Vangerdahast nodded, then began to swing the shield back and forth, as though he were a water diviner seeking the best place to dig a well. Each time the shield swung past, the orcs in the semi-circle would mewl in alarm and cower on the ground. Then, once it had drifted past, they would leap to their feet and make a great show of shouting and waving their swords at the wizard.

Unfortunately, the rest of the tribe was experiencing no such reluctance. Axe-wielding warriors were slowly returning to the sections of perimeter Vangerdahast had cleared earlier, while the orcs at Tanalasta’s end of the caravan seemed to be hurling themselves at the wagons more ferociously than ever. Already, Tanalasta could see exhausted guards kneeling in wagon beds or bracing themselves against the wheels, using both hands to swing swords that even she could have wielded with one hand.

Tanalasta was about to urge Vangerdahast to get on with the attack when she glimpsed a large bird streaking out of the western sky. The creature was a mere blur in the stonemurk, and the princess could tell little about it, save that it appeared far larger than any eagle she had ever seen and flew faster than a falcon on the hunt. It descended in a steep dive, then suddenly circled away from the battle and vanished behind a sandy ridge.

“What was that thing?” Tanalasta asked.

“What thing?” asked one of her guards.

“Didn’t you see it?” She pointed in the direction the bird had vanished. “It was a huge bird, twice the size of an eagle-and fast. Very fast.”

“Probably just a vulture, Princess,” said the second guard. “They’re drawn to the smell of battle.”

“This was larger than any vulture,” Tanalasta retorted. “And vultures aren’t that fast.”

The guards exchanged knowing glances, then the first said, “The stonemurk has a way of playing tricks on your eyes, milady. It’s nothing to worry about.”

Though it angered her to be condescended to, especially when neither guard had seen what she was talking about, the princess saw no use in arguing. Whatever the thing was, it had apparently wanted no part of the battle. Tanalasta swallowed her irritation and returned her attention to Vangerdahast, who finally seemed to be tiring of theatrics. As the wizard swung his ensorcelled shield past the ore commander’s hiding place, he slowed, then swung the buckler back toward the boulder and stopped.

The orcs around the leader began to trill nervously. The leader sat up to peer over the top of the boulder. Vangerdahast set his heels to the flanks of his mount, and the big stallion sprang to a gallop so quickly the wizard was halfway to the boulder before his escorts urged their own mounts after him.

The orc commander rose and began to gesture wildly at Vangerdahast. The spearmen rushed out from behind the boulder and arrayed themselves before their leader, jamming the butts of their weapons into the ground and angling the tips toward the wizard’s charging horse.

In the name of the king! Vangerdahast started to haul back on the reins, then seemed to change his mind and dropped his shield, pressing himself close to the neck of his mount. You said spears, not pikes!

Before Tanalasta could reply, one of her guards cursed, “By the iron glove!”

“Is he trying to impale himself?” demanded the other.

Tanalasta cringed and started to look away-then recalled how the orcs’ brittle swords had snapped against the horse’s chest earlier.

“He’ll be fine,” she said, expecting the wizard to barrel straight through the barricade of poisoned tips.

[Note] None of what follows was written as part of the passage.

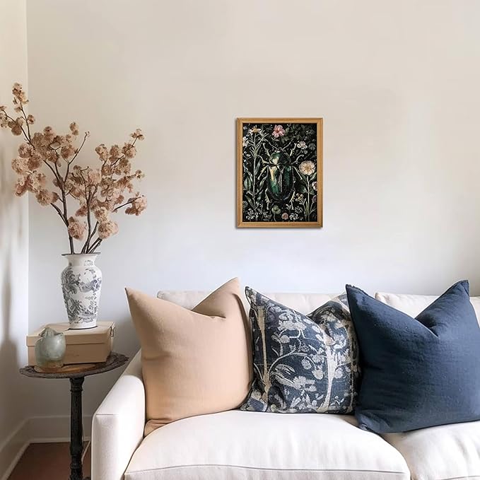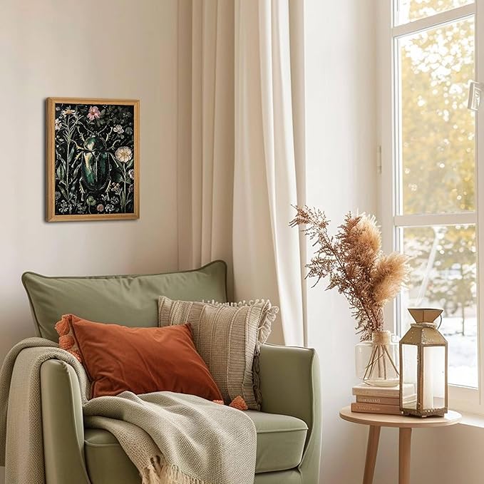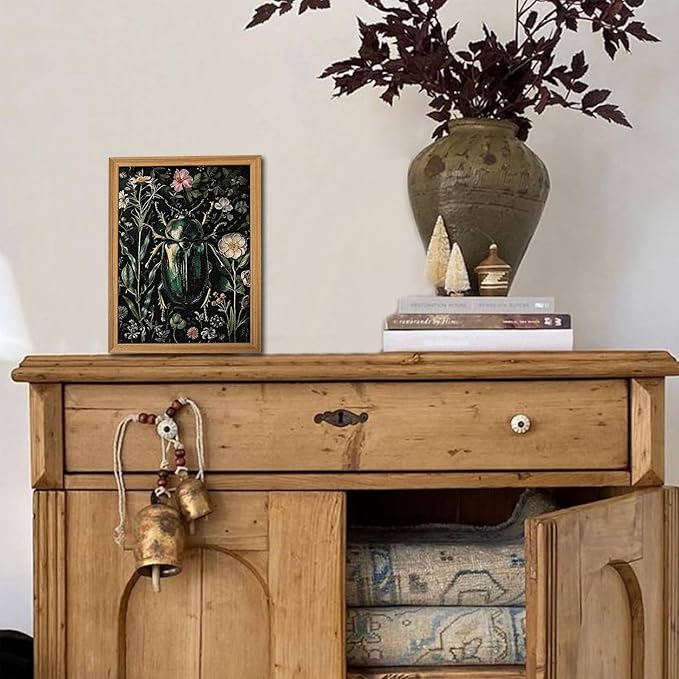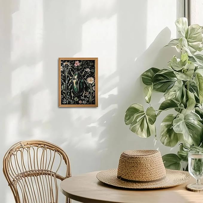 - 【Classic Vintage Wall Art】This mural combines classic vintage style with exquisite beetle and floral patterns to create a unique vintage Gothic atmosphere, adding an elegant and natural touch to your home. Perfect for decorating your bedroom, office, living room or study room

Instead, the magnificent stallion leaped skyward, then continued to gallop through the air as though its hooves were on solid ground. As the horse passed over the astonished orcs, Vangerdahast pulled something from his pocket and sprinkled it on his foes. The terrified swiners dropped their pikes and leaped to their feet, brushing at their scalps and screeching in fear.

They did not die until Vangerdahast’s support riders arrived to cut them down in a tempest of whirling horses and slashing steel. So furious was the attack that Tanalasta did not realize until an instant later that only two escorts were involved in the assault. The third lay back at the wagon circle, his chest opened by a gaping wound visible even from the princess’s perch. The man’s horse was a few feet from the body, stumbling around in fear and tossing its head.

Tanalasta had no time to ask her companions if they had seen what happened. Vangerdahast’s mount dropped down behind the orc leader, prompting the huge swiner to turn and sprint across the sandy ground so fast it took even the royal magician’s powerful horse a full second to catch up. By then, Vangerdahast had once again drawn his staff from its saddle holster and lowered it like a lance.

Tanalasta expected to see some spell blast the orc’s skull into a spray of blood and bone, but Vangerdahast simply aimed his lance at the back of his quarry’s head and allowed the momentum of his charge to drive it home. The leader sailed half a dozen paces before finally crashing to the ground in a limp heap. The royal magician reined his horse to a stop and wheeled around to face the caravan.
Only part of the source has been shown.